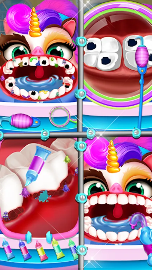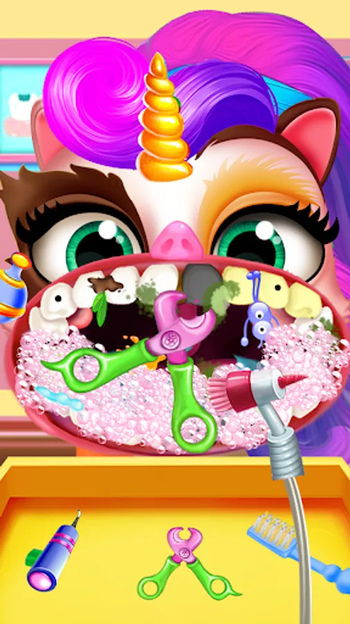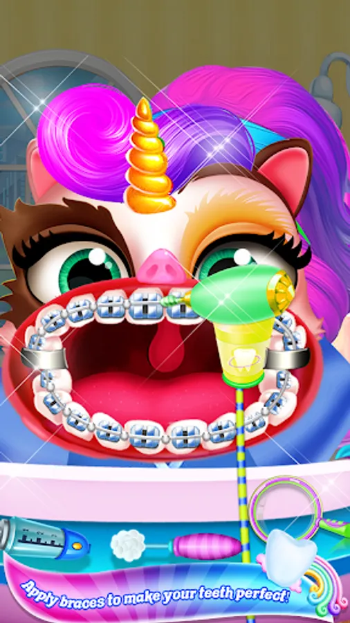 Welcome to 🐈Unicorn Kitty Doctor Hospital Teeth cavity Braces dentist games for girls and boys. Choose your favorite kitty patient for brush teeths fixing and treatment. Take good care of your teeth and be professional real dentist in your clinic. Do some crazy teeth surgery of animals. Diagnose all pets vet problems and let your unicorns spend a healthy life and looks their mouth cute with colourful glittery braces.🏥
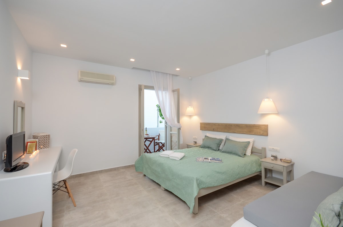 Наш новий люкс повністю відремонтований відповідно до кікладського стилю з дивовижним кікладським декором! До послуг гостей двоспальне ліжко, а також можливе третє зручне ліжко. Люкс із кондиціонером, безкоштовним Wi-Fi, телевізором із плоским екраном, нещодавно ванною кімнатою з готельними зручностями, повністю обладнаною кухнею та окремим мебльованим балконом з унікальним видом на пляж Айя-Анна! У цій кімнаті можуть розміститися 2-3 особи!Він розташований ВСЬОГО в 10 метрах від пляжу.
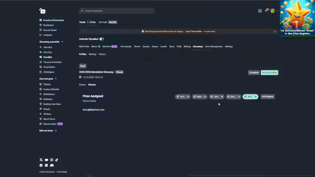01:54:21Fünf exklusive Coin-Gewinner werden gezogen: FlytomTV, Renegade, White Dragon, Netcode und Black Tech Lars. Die Gewinner müssen auf Twitch eine Nachricht mit dem Stichwort 'Coin' senden, um ihren Code und Link zum Einlösen zu erhalten. Der Coin ist weiterhin käuflich erhältlich; der Link wird im Chat geteilt. Der Stream betont, dass Support 'kein Mord' ist. Parallel wird die letzte Chance für Tickets beim Galaxy-Giveaway genutzt.
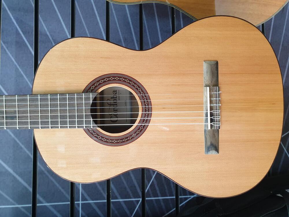 The Cadete is a handmade 3/4 size nylon string guitar built with a solid cedar top and mahogany back and sides. Its traditional 7-fan bracing produces a rich Spanish sound in spite of its reduced string length (615mm scale length). Beautiful hand-crafted elements such as an all-natural wood rosette, Indian rosewood binding, and a lightweight gloss PU finish distinguish the Cadete from other entry-level guitars in its price range. Like all Córdoba guitars, a lightweight adjustable truss rod is built into the neck for stability.
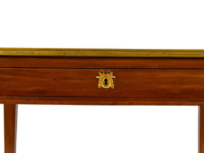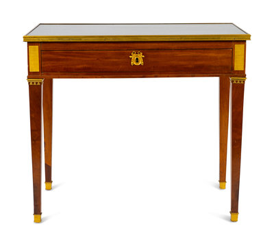 A Louis XVI Style Bronze Mounted Marble Top Writing Table
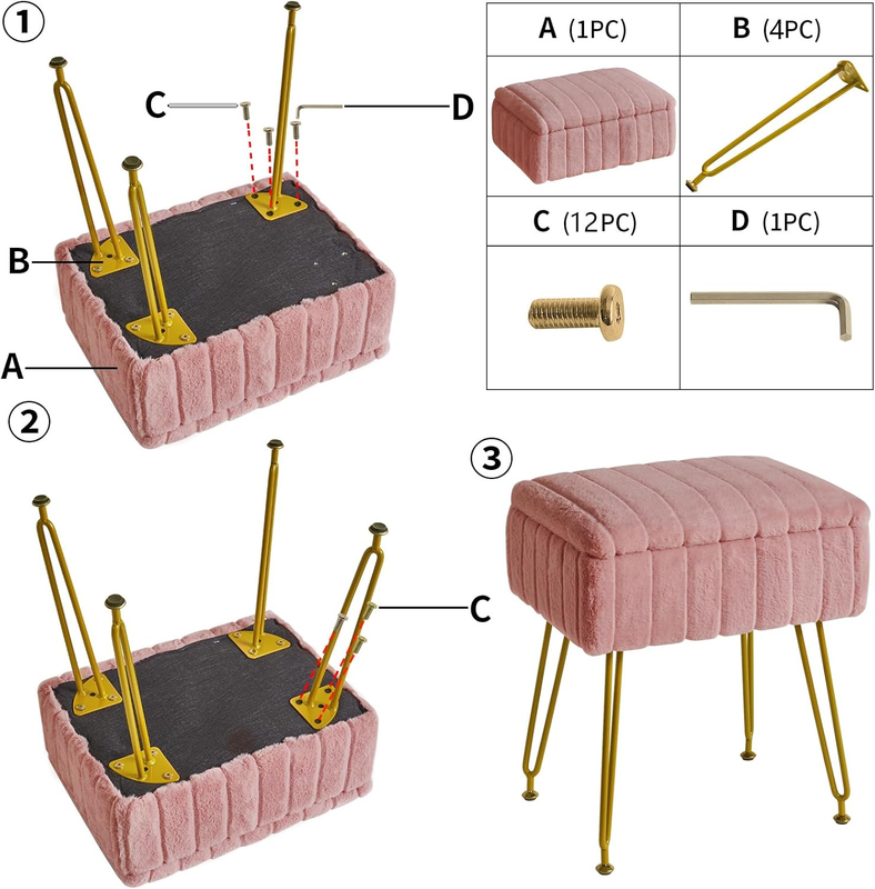 The stool is wrapped by soft, high-quality velvet and filled with memory foam inside, which is soft and comfortable and gives you an unforgettable using experience.
----
EXERCISE: Images are to be omitted; repeat the remaining data above exactly.

WRITTEN SOLUTION:
 Welcome to 🐈Unicorn Kitty Doctor Hospital Teeth cavity Braces dentist games for girls and boys. Choose your favorite kitty patient for brush teeths fixing and treatment. Take good care of your teeth and be professional real dentist in your clinic. Do some crazy teeth surgery of animals. Diagnose all pets vet problems and let your unicorns spend a healthy life and looks their mouth cute with colourful glittery braces.🏥
 Наш новий люкс повністю відремонтований відповідно до кікладського стилю з дивовижним кікладським декором! До послуг гостей двоспальне ліжко, а також можливе третє зручне ліжко. Люкс із кондиціонером, безкоштовним Wi-Fi, телевізором із плоским екраном, нещодавно ванною кімнатою з готельними зручностями, повністю обладнаною кухнею та окремим мебльованим балконом з унікальним видом на пляж Айя-Анна! У цій кімнаті можуть розміститися 2-3 особи!Він розташований ВСЬОГО в 10 метрах від пляжу.
01:54:21Fünf exklusive Coin-Gewinner werden gezogen: FlytomTV, Renegade, White Dragon, Netcode und Black Tech Lars. Die Gewinner müssen auf Twitch eine Nachricht mit dem Stichwort 'Coin' senden, um ihren Code und Link zum Einlösen zu erhalten. Der Coin ist weiterhin käuflich erhältlich; der Link wird im Chat geteilt. Der Stream betont, dass Support 'kein Mord' ist. Parallel wird die letzte Chance für Tickets beim Galaxy-Giveaway genutzt.
 The Cadete is a handmade 3/4 size nylon string guitar built with a solid cedar top and mahogany back and sides. Its traditional 7-fan bracing produces a rich Spanish sound in spite of its reduced string length (615mm scale length). Beautiful hand-crafted elements such as an all-natural wood rosette, Indian rosewood binding, and a lightweight gloss PU finish distinguish the Cadete from other entry-level guitars in its price range. Like all Córdoba guitars, a lightweight adjustable truss rod is built into the neck for stability.
 A Louis XVI Style Bronze Mounted Marble Top Writing Table
 The stool is wrapped by soft, high-quality velvet and filled with memory foam inside, which is soft and comfortable and gives you an unforgettable using experience.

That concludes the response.